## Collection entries
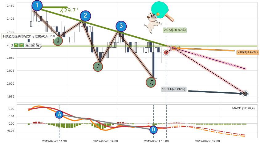 ➢ 预测:2019-08-01 12:00,【小幅反弹】稳定目前下跌趋势的前提下,预测价格:2.069
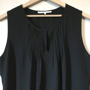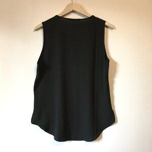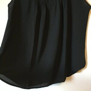 Very good preowned condition, black, sleeveless blouse with single button closure at the collar with tiny keyhole opening below by Violet & Claire. Made of lightweight chiffon, this top is perfect for layering and simplicity.
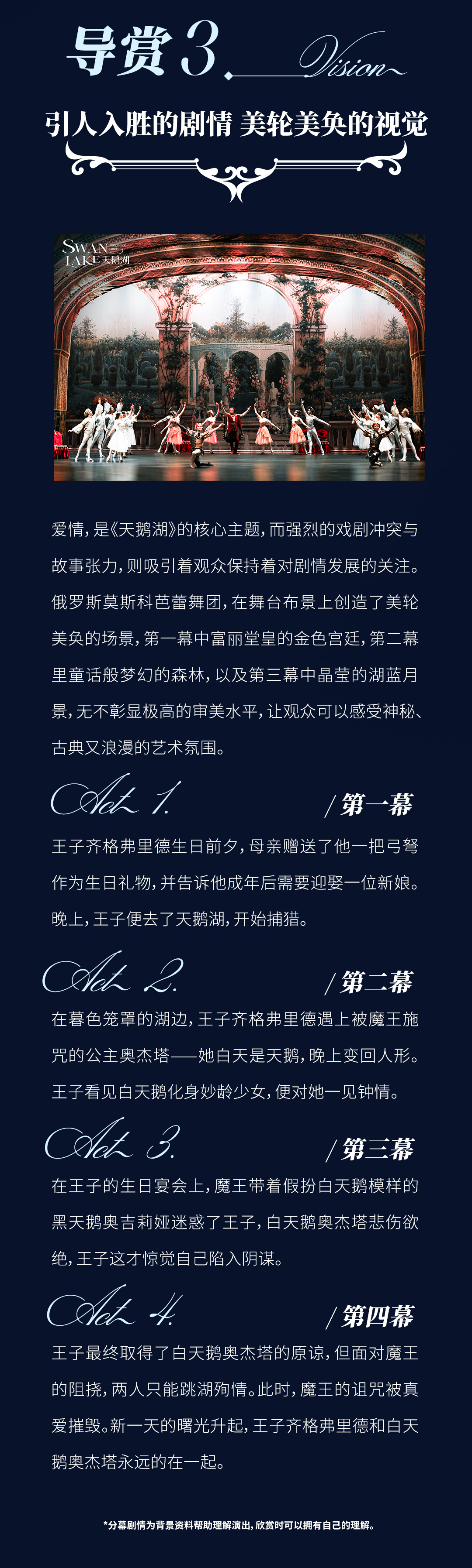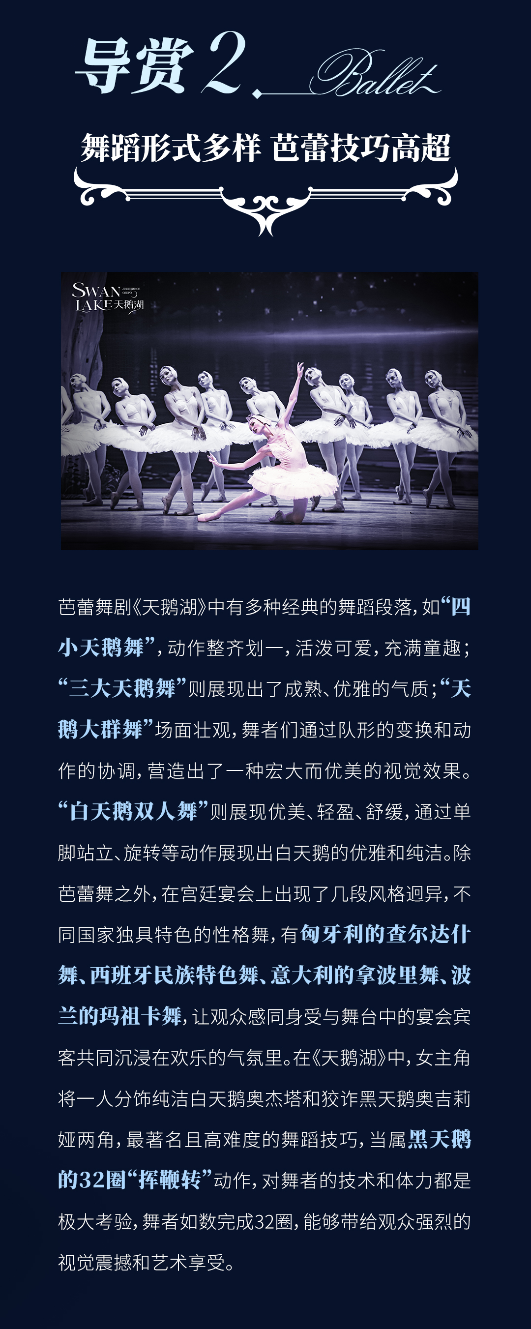 ★芭蕾舞剧《天鹅湖》古典浪漫主义芭蕾舞剧的巅峰作品,被誉为“古典芭蕾王冠上永恒的明珠”“俄罗斯古典芭蕾的代表剧目”“世界舞台上的百年瑰宝”。
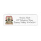 Étiquettes d'adresses de retour faciles à customiser. Illustration vintage amour et romance Victorian Valentine's Day die design avec une fille marchant dans des escaliers portant un plateau de nosegays, petits bouquets de fleurs. Au bas de l'escalier se trouvent des plantes topiaires dans des pots avec le coeur.
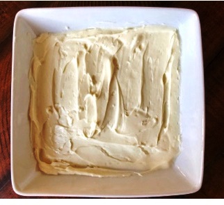 Απλώστε το μίγμα cheesecake στο κάτω μέρος ενός μικρού, ρηχού μπολ.
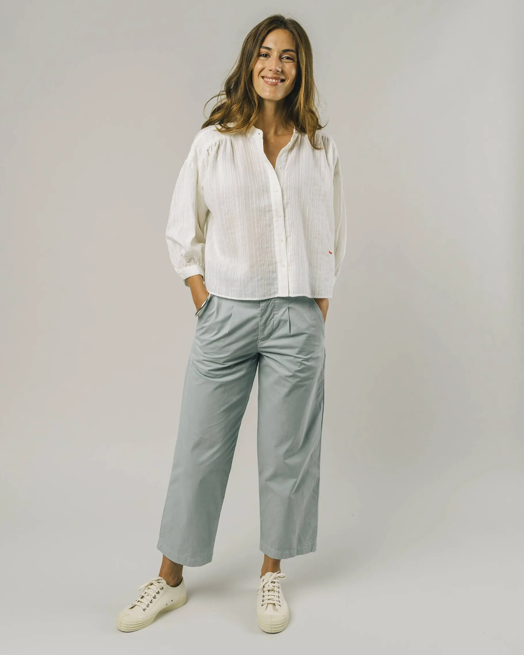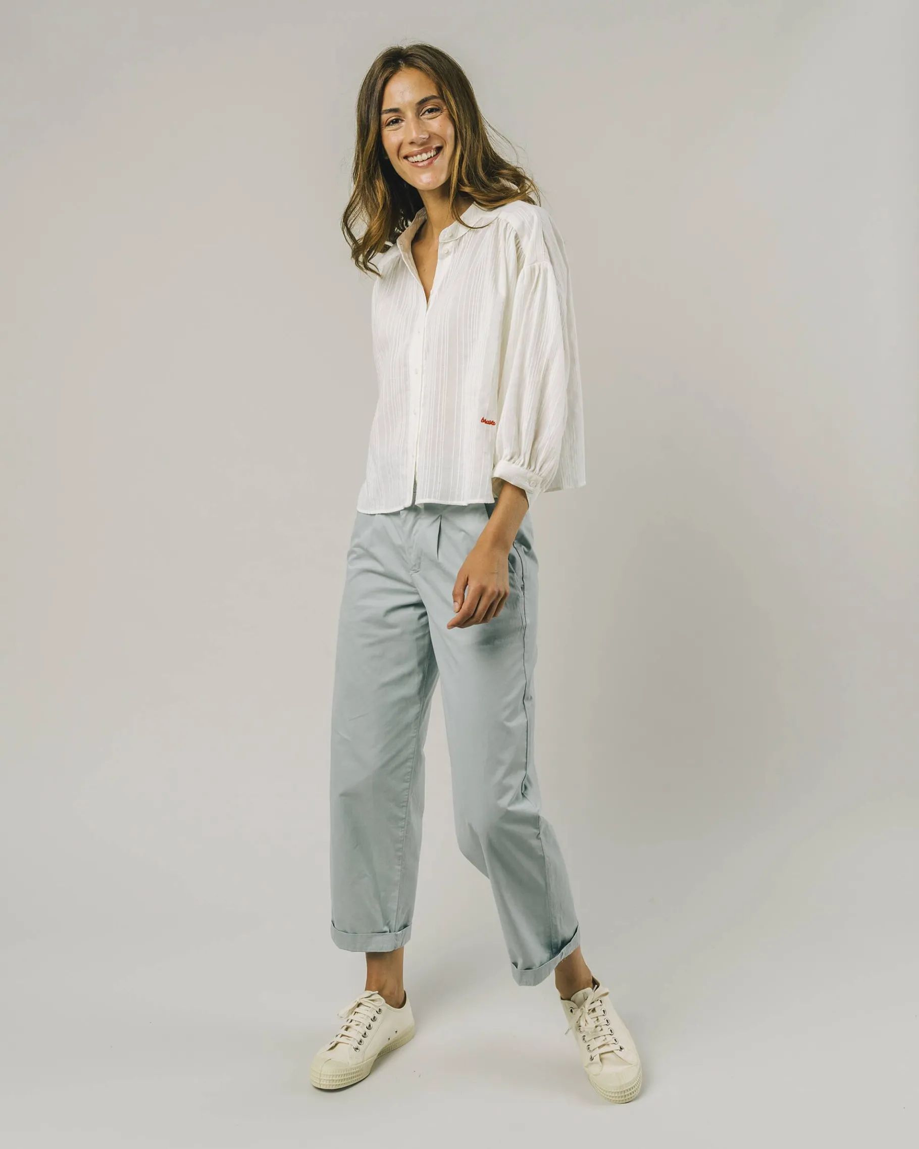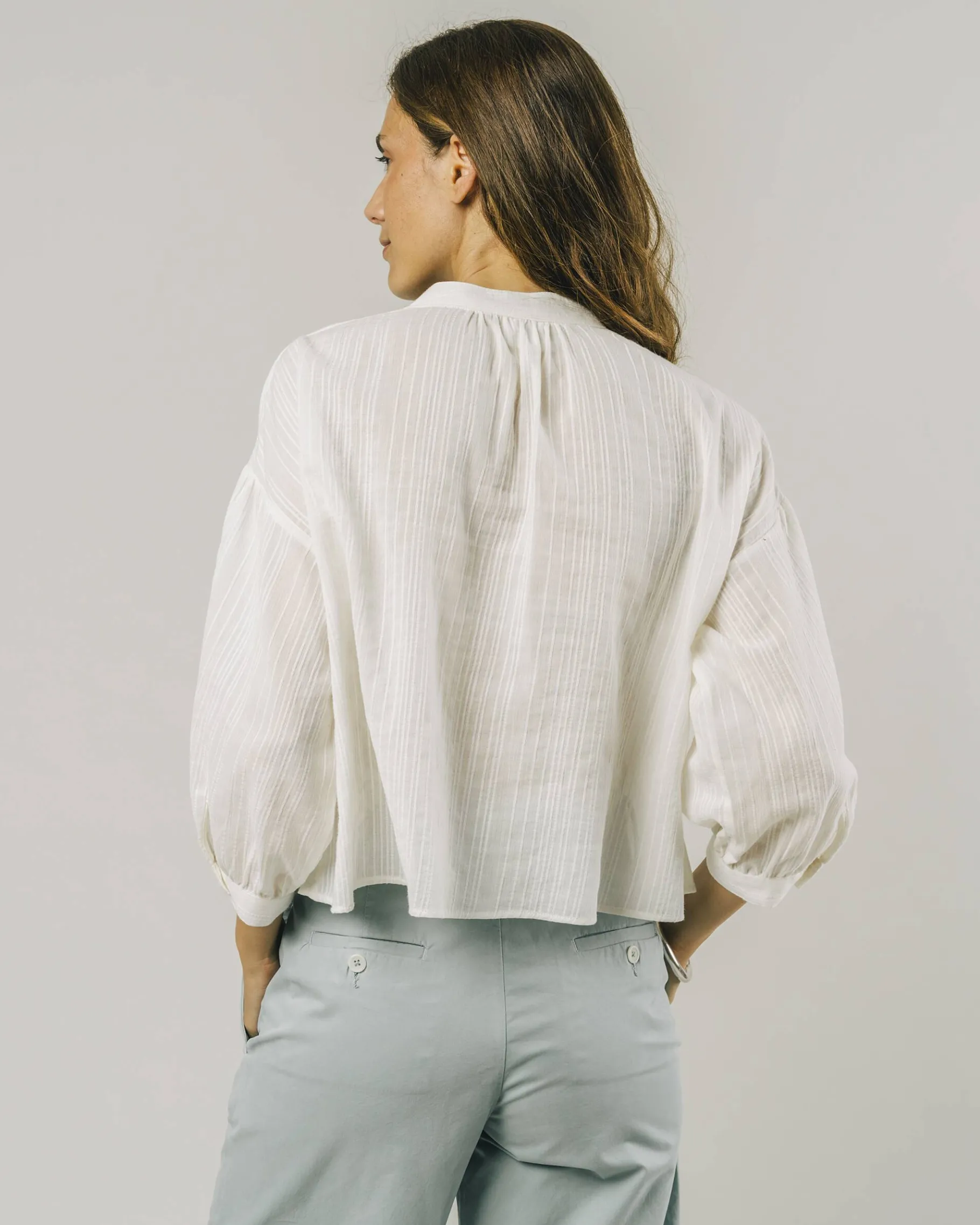Eine Bluse, die den schmalen Grat zwischen leger und gehobener Alltagskleidung findet! Ein luftiger Stoff aus Bio-Baumwolle kombiniert mit einer schmeichelhaften Passform sorgt für einen bequemen und eleganten Look.
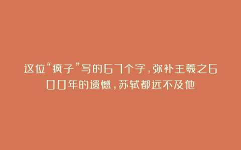 这位“疯子”写的67个字,弥补王羲之600年的遗憾,苏轼都远不及他!
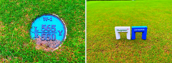 티잉그라운드에 별도의 코스 안내판은 없으나 그린 중앙까지 거리가 표시되어 있고, 티 마커는 모든 홀에 적용된 것은 아니나 몇몇 홀은 금호석유화학이 쓰여 있는 티 마커를 사용 중입니다.
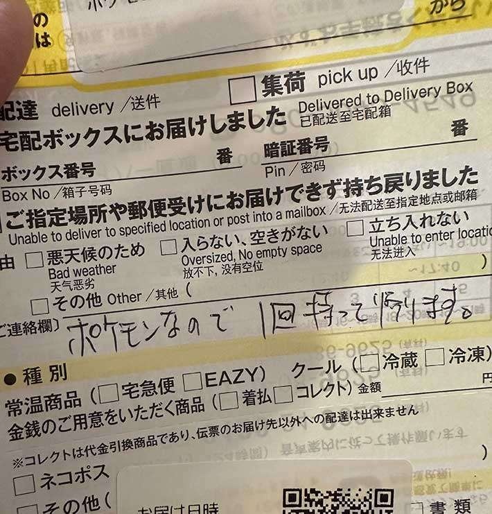 置き配指定だけどポケモンだと盗まれるからってこと?そんなこと配達員に関係ある?
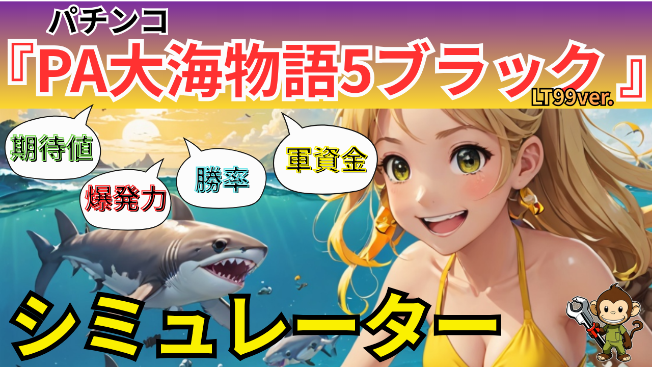 パチンコ新台『PA大海物語5ブラックLT99ver.』無料シミュレーター|期待値・爆発力・勝率・軍資金を一発計算!
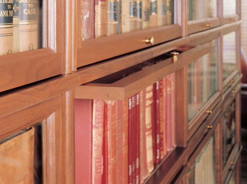 Made in the USA, this classic Legacy Barrister Bookcase features three interchangeable stacking receding glass door shelf sections. Simply styled with straight edges, the Legacy lawyer bookcase is hand made using sustainably sourced North American hardwood. The fully assembled solid wood shelf sections securely stack together with an interlocking system. No tools required – simply unpack and stack the glass door sections. Easily add more shelf sections as your library grows. The receding glass door sectional unit is well built with a lacquered bronze knob and a mechanical equalizer to keep the door from binding and allow for easy, one-handed operation.
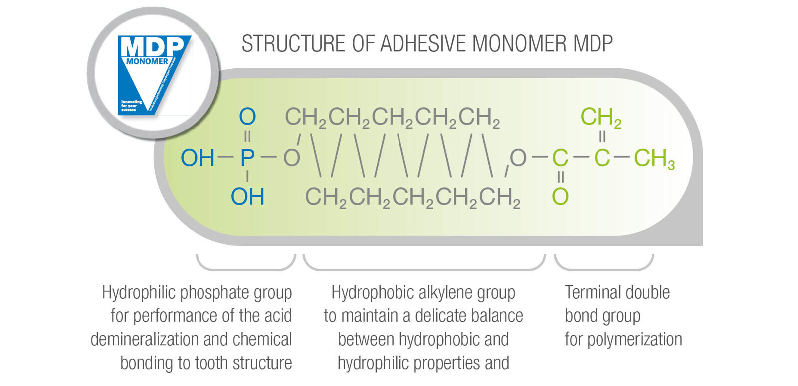 In order to achieve long-term bonding to tooth structure (especially dentine), Kuraray Co., a parent company of Kuraray Noritake Dental, decided in the 1970s to focus on the development of a more powerful adhesive monomer. The company introduced the phosphate monomer Phenyl-P in 1976, and five years later, continued efforts to improve and refine its molecular structure led to the popular MDP monomer, which can establish a particularly strong and long-lasting bond to enamel, dentine, metal and zirconia.
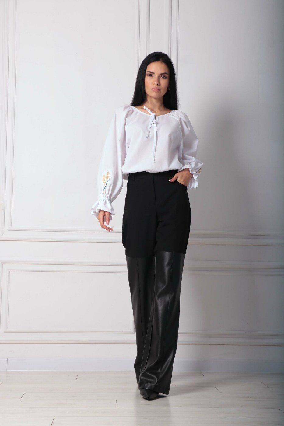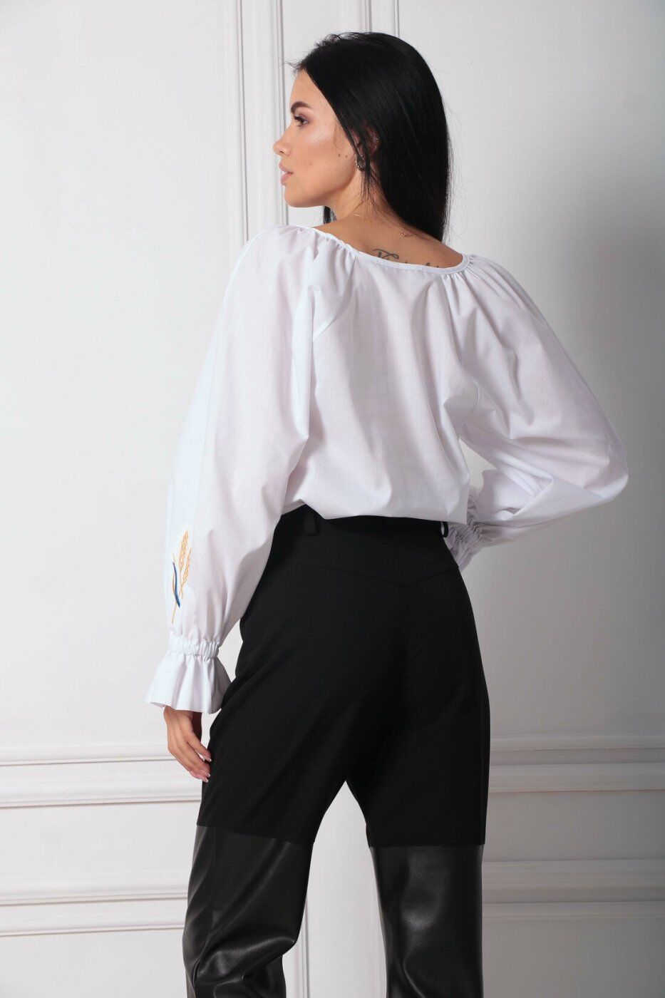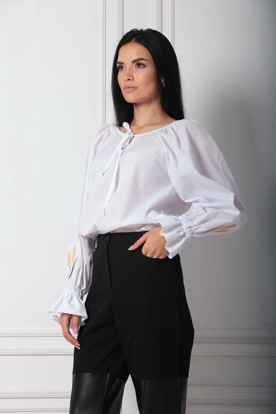Свободну блузу прямого силуету з легкими етно-нотками. Широка горизонтальна горловина по переду має зав ' язки. Пишний рукав-реглан по низу зібраний на резинку, утворюючи рюшу.
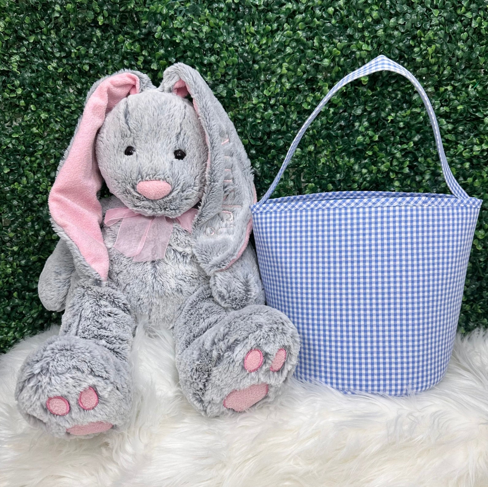 Celebrate Easter with a personalized touch. Our custom Easter baskets feature your choice of design, with monogramming included at no extra cost. This Pink Gingham with Ruffle style offers a charming, classic look perfect for spring festivities.
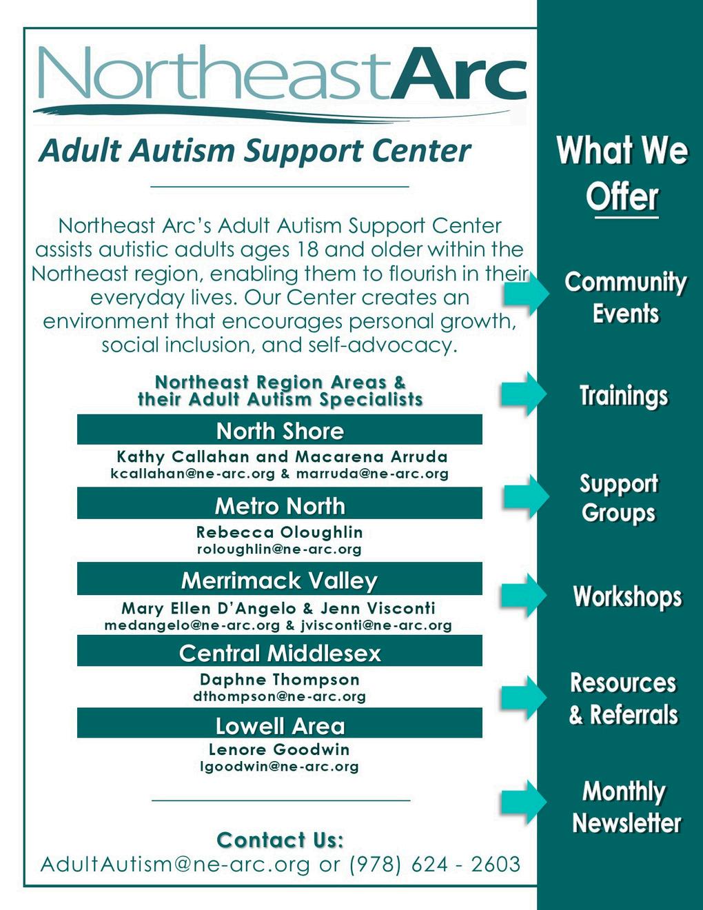 Northeast Arc’s Community Resource Center connects individuals and families with valuable resources and events in their local communities. By providing access to these resources, the Community Resource Center empowers families and individuals to actively participate in community life, creating a sense of belonging and inclusion.

## Problem to work on
The entries above are to be retyped exactly, with each picture left out.

## Expected answer
 ➢ 预测:2019-08-01 12:00,【小幅反弹】稳定目前下跌趋势的前提下,预测价格:2.069
 Very good preowned condition, black, sleeveless blouse with single button closure at the collar with tiny keyhole opening below by Violet & Claire. Made of lightweight chiffon, this top is perfect for layering and simplicity.
 ★芭蕾舞剧《天鹅湖》古典浪漫主义芭蕾舞剧的巅峰作品,被誉为“古典芭蕾王冠上永恒的明珠”“俄罗斯古典芭蕾的代表剧目”“世界舞台上的百年瑰宝”。
 Étiquettes d'adresses de retour faciles à customiser. Illustration vintage amour et romance Victorian Valentine's Day die design avec une fille marchant dans des escaliers portant un plateau de nosegays, petits bouquets de fleurs. Au bas de l'escalier se trouvent des plantes topiaires dans des pots avec le coeur.
 Απλώστε το μίγμα cheesecake στο κάτω μέρος ενός μικρού, ρηχού μπολ.
Eine Bluse, die den schmalen Grat zwischen leger und gehobener Alltagskleidung findet! Ein luftiger Stoff aus Bio-Baumwolle kombiniert mit einer schmeichelhaften Passform sorgt für einen bequemen und eleganten Look.
 这位“疯子”写的67个字,弥补王羲之600年的遗憾,苏轼都远不及他!
 티잉그라운드에 별도의 코스 안내판은 없으나 그린 중앙까지 거리가 표시되어 있고, 티 마커는 모든 홀에 적용된 것은 아니나 몇몇 홀은 금호석유화학이 쓰여 있는 티 마커를 사용 중입니다.
 置き配指定だけどポケモンだと盗まれるからってこと?そんなこと配達員に関係ある?
 パチンコ新台『PA大海物語5ブラックLT99ver.』無料シミュレーター|期待値・爆発力・勝率・軍資金を一発計算!
 Made in the USA, this classic Legacy Barrister Bookcase features three interchangeable stacking receding glass door shelf sections. Simply styled with straight edges, the Legacy lawyer bookcase is hand made using sustainably sourced North American hardwood. The fully assembled solid wood shelf sections securely stack together with an interlocking system. No tools required – simply unpack and stack the glass door sections. Easily add more shelf sections as your library grows. The receding glass door sectional unit is well built with a lacquered bronze knob and a mechanical equalizer to keep the door from binding and allow for easy, one-handed operation.
 In order to achieve long-term bonding to tooth structure (especially dentine), Kuraray Co., a parent company of Kuraray Noritake Dental, decided in the 1970s to focus on the development of a more powerful adhesive monomer. The company introduced the phosphate monomer Phenyl-P in 1976, and five years later, continued efforts to improve and refine its molecular structure led to the popular MDP monomer, which can establish a particularly strong and long-lasting bond to enamel, dentine, metal and zirconia.
Свободну блузу прямого силуету з легкими етно-нотками. Широка горизонтальна горловина по переду має зав ' язки. Пишний рукав-реглан по низу зібраний на резинку, утворюючи рюшу.
 Celebrate Easter with a personalized touch. Our custom Easter baskets feature your choice of design, with monogramming included at no extra cost. This Pink Gingham with Ruffle style offers a charming, classic look perfect for spring festivities.
 Northeast Arc’s Community Resource Center connects individuals and families with valuable resources and events in their local communities. By providing access to these resources, the Community Resource Center empowers families and individuals to actively participate in community life, creating a sense of belonging and inclusion.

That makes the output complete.